**YOUR OBJECTIVE**
The records below are to be restated word for word, with every picture left out.
(Beginning of SOURCE DATA)
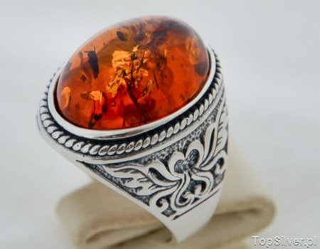 Przedstawiamy Państwu największy w naszej kolekcji srebrny sygnet. Największy bo sam bursztyn (naturalny) ma wymiary 15 x 20mm i ok 1cm wysokości. Takie insygnia na palcu nie będą niezauważone. Zarówno Panie lubiące duże okazałe pierścienie jaki i Panowie ceniący sobie biżuterie w postaci sygnetów, ten model jest dla Was. Zaprojektowany przez naszego złotnika miał nawiązywać do biżuterii magnackiej z XVII i XVIII wieku. Czy się udało? Sami Państwo oceńcie. Srebrne ornamenty po obu stronach sygnetu nieodwzorowującą symboli żadnego rodu więc nie jest to sygnet rodowy ale przy odrobinie wyobraźni można zbudować wokół niego legendę 🙂
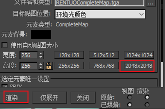 1 选择模型 渲染-》渲染到纹理 2输出-》添加 completemap 3调节贴图大小 4 渲染 导出图片
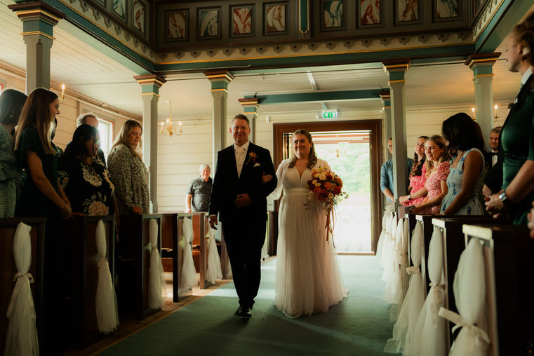 Solveig og Erlend sin dag i Kristiansand var alt man kan ønske seg – strålende sol, fargerike blomster og ekte følelser fra start til slutt. Midt i alt det festlige tok de seg tid til en privat stund der de vasket føttene til hverandre – et sterkt og vakkert symbol på ønsket om å tjene hverandre i ekteskapet. Dagen ble avsluttet med solnedgang og en livlig fest på låven, fylt med latter, tårer og kjærlighet.
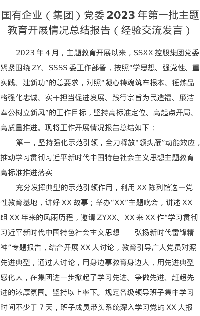 国有企业(集团)党委2023年第一批特色社会主义思想主题教育开展情况总结报告(经验交流发言)
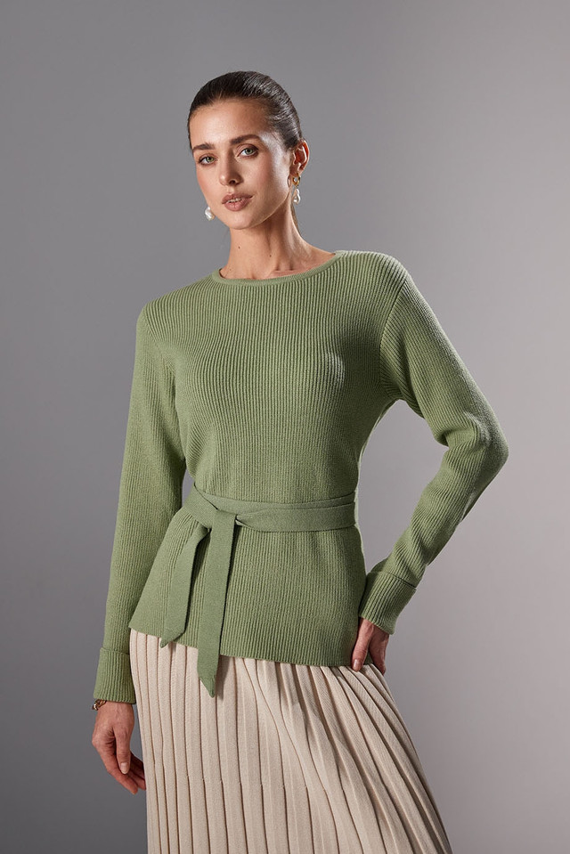 Жіночий в'язаний трикотажний джемпер з поясом оливкового кольору. Модель 2433 Trikobakh
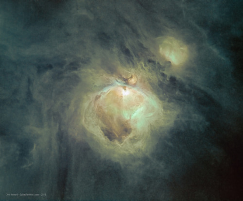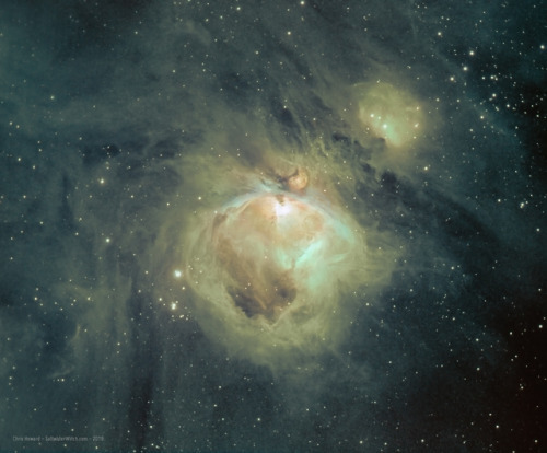 Orion Nebula (M42) in the SHO Hubble Palette - with and without stars - I have been thinking about how to represent false-color imaging for deep sky objects, and I’ve been keeping more of that abundant hydrogen green in the mix when doing SHO Hubble Palette images, where we map Sulfur, Hydrogen, and Oxygen bandpasses to Red Green Blue (RGB). Because hydrogen is–by a wide margin–the most abundant element in the universe, and many of these nebulae are HII Regions (vast expanses of interstellar atomic hydrogen that’s ionized), there ought to be way more green in SHO images than we normally see. It’s become standard go heavy on a rust red and deep blue, with almost of the green removed. All of these color choices are esthetic choices. The images I’m posting come from the data from three separate filters, Ha, OIII, and SII, so in a sense there are no incorrect color levels–within reason.
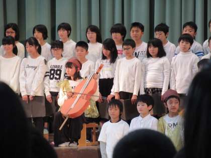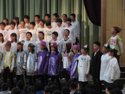 宮沢賢治の世界を劇と歌で表現しました。また最後には「涙をこえて」の合唱。6年生として,最高学年として,学年の心を一つにした素敵な発表でした。
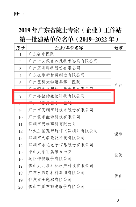 近日,為貫徹把院士、專家等高端人才引入企業(yè),幫助企業(yè)解決技術難題,廣東省科學技術協(xié)會決定在廣東省內41家單位建立“廣東省院士專家(企業(yè))工作站”,建站期為2019年5月-2022年5月。格拉姆科技憑借抗菌活性小肽、免疫活性肽、微生態(tài)制劑等核心技術,以及多年的行業(yè)積累,強大的自主研發(fā)與創(chuàng)新能力,經(jīng)有關單位實地考察調研和專家評審,獲得了廣東省科學技術協(xié)會批準,成為獲批建站單位之一。
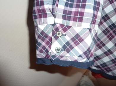 Bluse in 44, sehr dünner Stoff, an der Taille mit einem Band verstellbar. leider fehlt eine Kugel. sonst super Zustand.
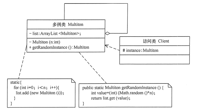 单例模式可扩展为有限的多例(Multitcm)模式,这种模式可生成有限个实例并保存在 ArmyList 中,客户需要时可随机获取,其结构图如图所示。
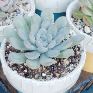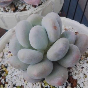 ブルームの白いお化粧とうっすらピンクのパキベリア・ブルーヘイズです☺️🍀 プクプクの姿を維持して、夏の日差しに耐えてます🚩😃🚩
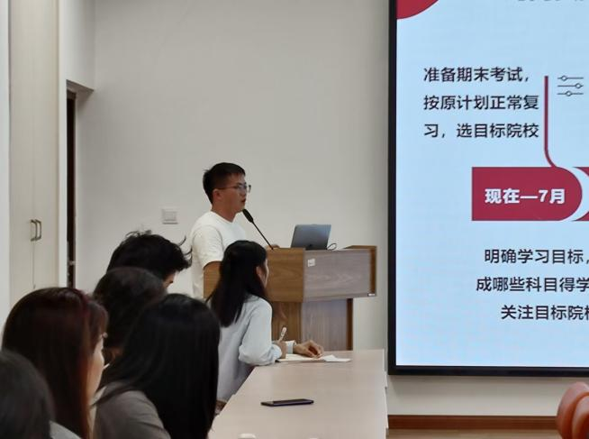 活动最后,张雷在总结讲话中向六位分享经验的同学致以衷心感谢,他鼓励低年级学生以党员学长学姐为标杆,充分汲取优秀经验,结合自身实际科学制定备考规划,在考研征程中锚定方向、稳步前行。张雷同时表示,学院将持续强化资源供给与指导服务,为每位备考学子搭建坚实的助力平台,全力护航考研目标实现。
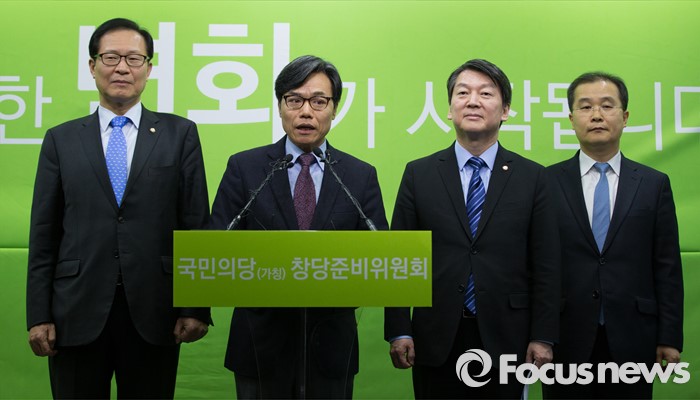 (서울=포커스뉴스) 정재흠 회계사가 28일 오후 서울 마포구 국민의당 당사에서 열린 입당기자회견에서 입당 소감을 밝히고 있다. (왼쪽부터) 문병호 창준위 부위원장, 정재흠, 안철수 의원, 이건태 전 검사
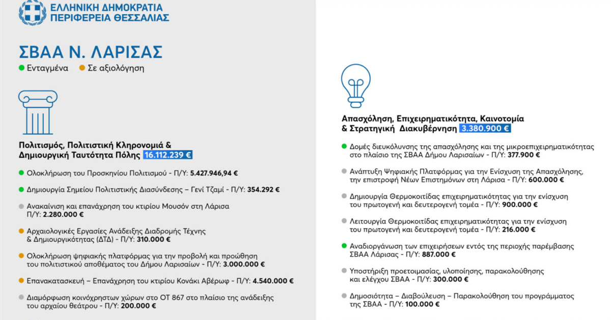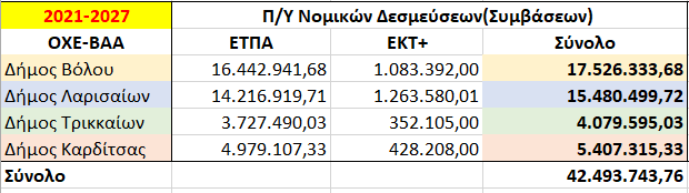 Ο συνολικός προϋπολογισμός των ΣΒΑΑ των 4 πρωτευουσών των ΠΕ Θεσσαλίας
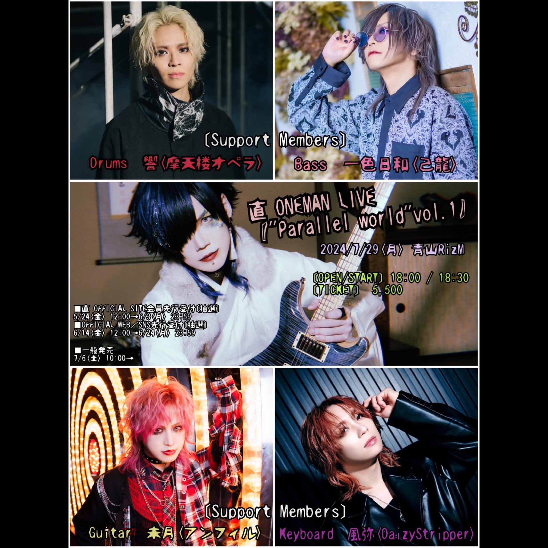 直(DaizyStripper) [Support Members] Guitar :未月(アンフィル)/Bass:一色日和(己龍)/Keyboard:風弥(DaizyStripper) /Drums:響(摩天楼オペラ)
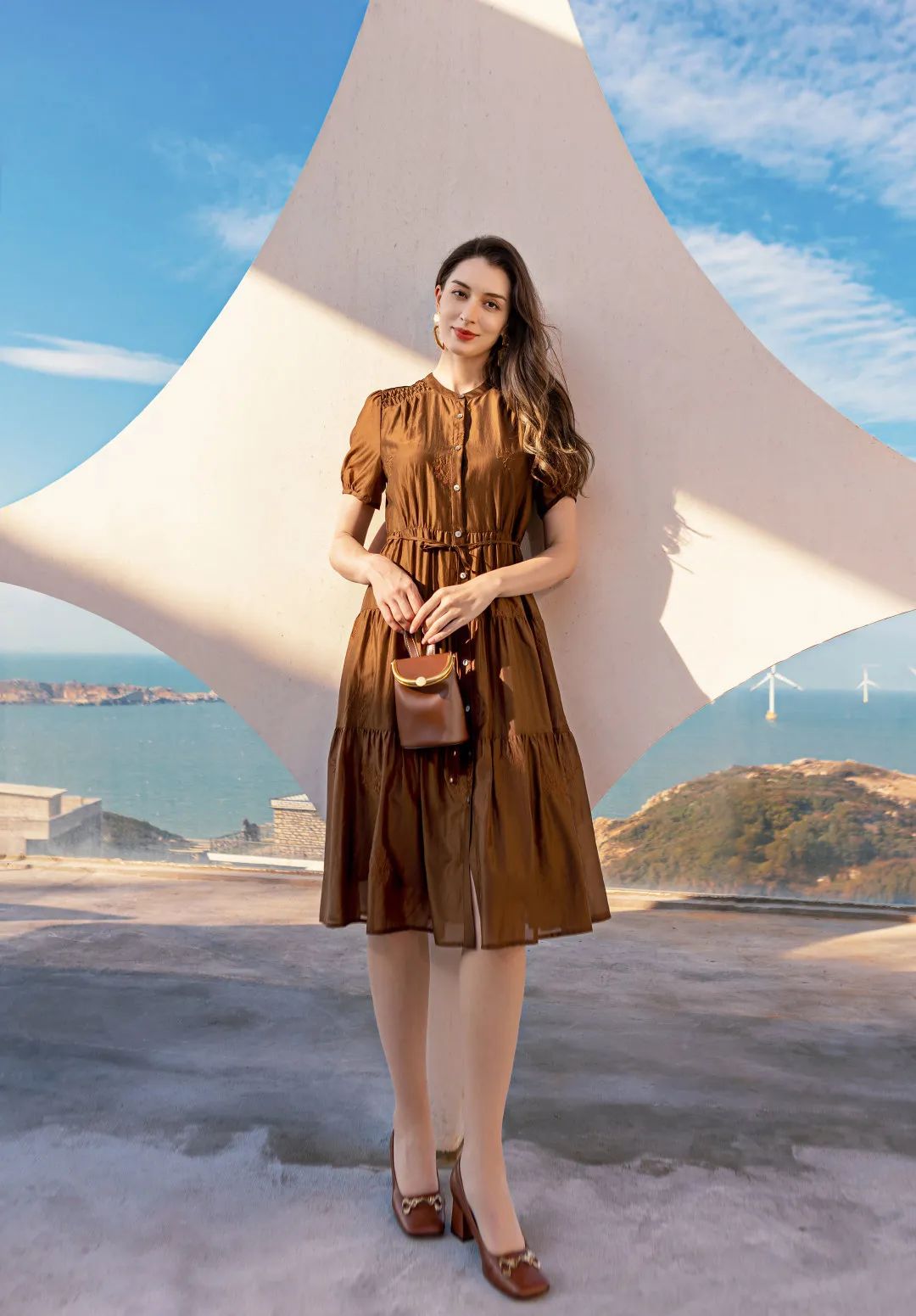 蔚蓝的天空、清透的晨光、柔和的夕阳、温情的大地……唐朱迪新装围绕航海蓝色、甜桔色、琥珀褐色、素瓷色等色调,为繁忙工作的都市女性,营造出复古治愈的度假氛围,带您感受无拘无束的假日魅力。
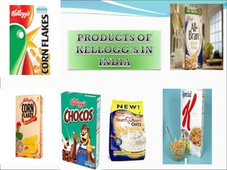 The document discusses Kellogg's, the world's leading cereal and convenience food producer. It was established in 1906 and produces products in 18 countries that are marketed in over 180 globally. In India, Kellogg's entered in 1994 but failed initially due to overconfidence, ignoring cultural aspects, misunderstanding consumer behavior and habits, and premium pricing. The document then covers various marketing and strategic analyses including PESTEL, marketing mix, SWOT, and market segmentation used by Kellogg's.
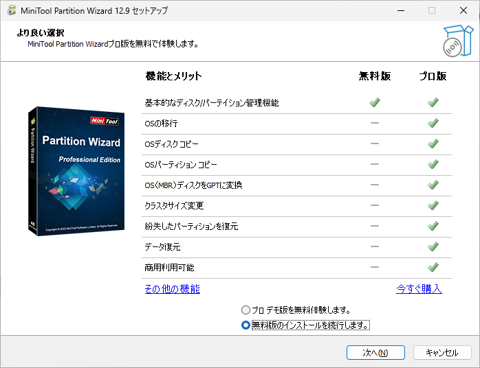 [MiniTool Partition Wizard Free]のチェックは外せません
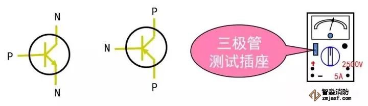 分開表筆,將被測三極管按圖示放入插座,指針指示的刻度乘以12即約為三極管反向截止電流值。
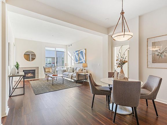 Luxury and convenience meet in this top-floor Mercer condo in the heart of downtown Walnut Creek. With 2 bedrooms and 2 baths across a spacious open layout, this home is filled with natural light through floor-to-ceiling windows and enhanced by higher ceilings exclusive to the 4th floor, modern flooring, and fresh paint. The gourmet kitchen features Sub-Zero and Bosch appliances, stone countertops, and a breakfast bar, flowing seamlessly into the dining and living areas. The primary suite offers a walk-in closet and a spa-inspired bathroom with double vanity, soaking tub, and separate shower. The second bedroom and full bath are ideal for guests, a home office, or both, while the laundry room with side-by-side washer/dryer and cabinetry adds everyday convenience. Step outside to a covered patio overlooking the courtyard, or enjoy resort-style amenities including a pool, spa, gym, clubhouse, and BBQ area. Two side-by-side parking spaces and a storage unit complete the package. All of this just minutes from BART, freeway access, Broadway Plaza shopping, and Walnut Creek’s top dining and cultural destinations. Photos were taken when the home was professionally staged and may not reflect the home’s current appearance.
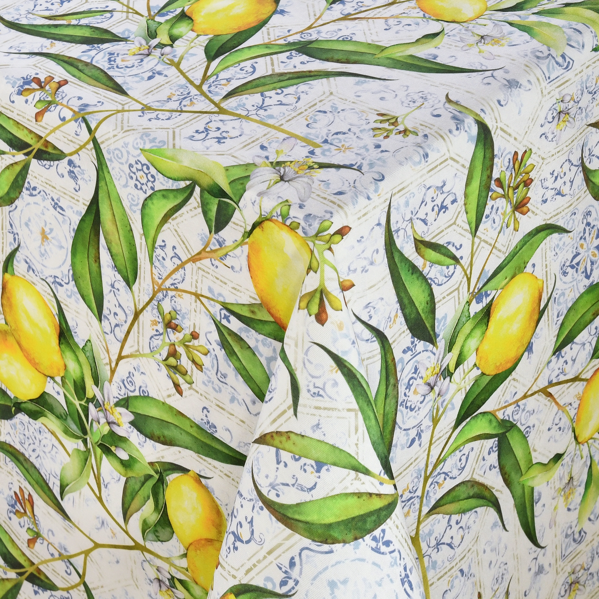 Tischdecke Outdoor abwaschbare Gartentischdecke Zitronen Motiv mit Fleckschutz
(End of SOURCE DATA)
**RESULT FOR THIS TASK**
 Przedstawiamy Państwu największy w naszej kolekcji srebrny sygnet. Największy bo sam bursztyn (naturalny) ma wymiary 15 x 20mm i ok 1cm wysokości. Takie insygnia na palcu nie będą niezauważone. Zarówno Panie lubiące duże okazałe pierścienie jaki i Panowie ceniący sobie biżuterie w postaci sygnetów, ten model jest dla Was. Zaprojektowany przez naszego złotnika miał nawiązywać do biżuterii magnackiej z XVII i XVIII wieku. Czy się udało? Sami Państwo oceńcie. Srebrne ornamenty po obu stronach sygnetu nieodwzorowującą symboli żadnego rodu więc nie jest to sygnet rodowy ale przy odrobinie wyobraźni można zbudować wokół niego legendę 🙂
 1 选择模型 渲染-》渲染到纹理 2输出-》添加 completemap 3调节贴图大小 4 渲染 导出图片
 Solveig og Erlend sin dag i Kristiansand var alt man kan ønske seg – strålende sol, fargerike blomster og ekte følelser fra start til slutt. Midt i alt det festlige tok de seg tid til en privat stund der de vasket føttene til hverandre – et sterkt og vakkert symbol på ønsket om å tjene hverandre i ekteskapet. Dagen ble avsluttet med solnedgang og en livlig fest på låven, fylt med latter, tårer og kjærlighet.
 国有企业(集团)党委2023年第一批特色社会主义思想主题教育开展情况总结报告(经验交流发言)
 Жіночий в'язаний трикотажний джемпер з поясом оливкового кольору. Модель 2433 Trikobakh
 Orion Nebula (M42) in the SHO Hubble Palette - with and without stars - I have been thinking about how to represent false-color imaging for deep sky objects, and I’ve been keeping more of that abundant hydrogen green in the mix when doing SHO Hubble Palette images, where we map Sulfur, Hydrogen, and Oxygen bandpasses to Red Green Blue (RGB). Because hydrogen is–by a wide margin–the most abundant element in the universe, and many of these nebulae are HII Regions (vast expanses of interstellar atomic hydrogen that’s ionized), there ought to be way more green in SHO images than we normally see. It’s become standard go heavy on a rust red and deep blue, with almost of the green removed. All of these color choices are esthetic choices. The images I’m posting come from the data from three separate filters, Ha, OIII, and SII, so in a sense there are no incorrect color levels–within reason.
 宮沢賢治の世界を劇と歌で表現しました。また最後には「涙をこえて」の合唱。6年生として,最高学年として,学年の心を一つにした素敵な発表でした。
 近日,為貫徹把院士、專家等高端人才引入企業(yè),幫助企業(yè)解決技術難題,廣東省科學技術協(xié)會決定在廣東省內41家單位建立“廣東省院士專家(企業(yè))工作站”,建站期為2019年5月-2022年5月。格拉姆科技憑借抗菌活性小肽、免疫活性肽、微生態(tài)制劑等核心技術,以及多年的行業(yè)積累,強大的自主研發(fā)與創(chuàng)新能力,經(jīng)有關單位實地考察調研和專家評審,獲得了廣東省科學技術協(xié)會批準,成為獲批建站單位之一。
 Bluse in 44, sehr dünner Stoff, an der Taille mit einem Band verstellbar. leider fehlt eine Kugel. sonst super Zustand.
 单例模式可扩展为有限的多例(Multitcm)模式,这种模式可生成有限个实例并保存在 ArmyList 中,客户需要时可随机获取,其结构图如图所示。
 ブルームの白いお化粧とうっすらピンクのパキベリア・ブルーヘイズです☺️🍀 プクプクの姿を維持して、夏の日差しに耐えてます🚩😃🚩
 活动最后,张雷在总结讲话中向六位分享经验的同学致以衷心感谢,他鼓励低年级学生以党员学长学姐为标杆,充分汲取优秀经验,结合自身实际科学制定备考规划,在考研征程中锚定方向、稳步前行。张雷同时表示,学院将持续强化资源供给与指导服务,为每位备考学子搭建坚实的助力平台,全力护航考研目标实现。
 (서울=포커스뉴스) 정재흠 회계사가 28일 오후 서울 마포구 국민의당 당사에서 열린 입당기자회견에서 입당 소감을 밝히고 있다. (왼쪽부터) 문병호 창준위 부위원장, 정재흠, 안철수 의원, 이건태 전 검사
 Ο συνολικός προϋπολογισμός των ΣΒΑΑ των 4 πρωτευουσών των ΠΕ Θεσσαλίας
 直(DaizyStripper) [Support Members] Guitar :未月(アンフィル)/Bass:一色日和(己龍)/Keyboard:風弥(DaizyStripper) /Drums:響(摩天楼オペラ)
 蔚蓝的天空、清透的晨光、柔和的夕阳、温情的大地……唐朱迪新装围绕航海蓝色、甜桔色、琥珀褐色、素瓷色等色调,为繁忙工作的都市女性,营造出复古治愈的度假氛围,带您感受无拘无束的假日魅力。
 The document discusses Kellogg's, the world's leading cereal and convenience food producer. It was established in 1906 and produces products in 18 countries that are marketed in over 180 globally. In India, Kellogg's entered in 1994 but failed initially due to overconfidence, ignoring cultural aspects, misunderstanding consumer behavior and habits, and premium pricing. The document then covers various marketing and strategic analyses including PESTEL, marketing mix, SWOT, and market segmentation used by Kellogg's.
 [MiniTool Partition Wizard Free]のチェックは外せません
 分開表筆,將被測三極管按圖示放入插座,指針指示的刻度乘以12即約為三極管反向截止電流值。
 Luxury and convenience meet in this top-floor Mercer condo in the heart of downtown Walnut Creek. With 2 bedrooms and 2 baths across a spacious open layout, this home is filled with natural light through floor-to-ceiling windows and enhanced by higher ceilings exclusive to the 4th floor, modern flooring, and fresh paint. The gourmet kitchen features Sub-Zero and Bosch appliances, stone countertops, and a breakfast bar, flowing seamlessly into the dining and living areas. The primary suite offers a walk-in closet and a spa-inspired bathroom with double vanity, soaking tub, and separate shower. The second bedroom and full bath are ideal for guests, a home office, or both, while the laundry room with side-by-side washer/dryer and cabinetry adds everyday convenience. Step outside to a covered patio overlooking the courtyard, or enjoy resort-style amenities including a pool, spa, gym, clubhouse, and BBQ area. Two side-by-side parking spaces and a storage unit complete the package. All of this just minutes from BART, freeway access, Broadway Plaza shopping, and Walnut Creek’s top dining and cultural destinations. Photos were taken when the home was professionally staged and may not reflect the home’s current appearance.
 Tischdecke Outdoor abwaschbare Gartentischdecke Zitronen Motiv mit Fleckschutz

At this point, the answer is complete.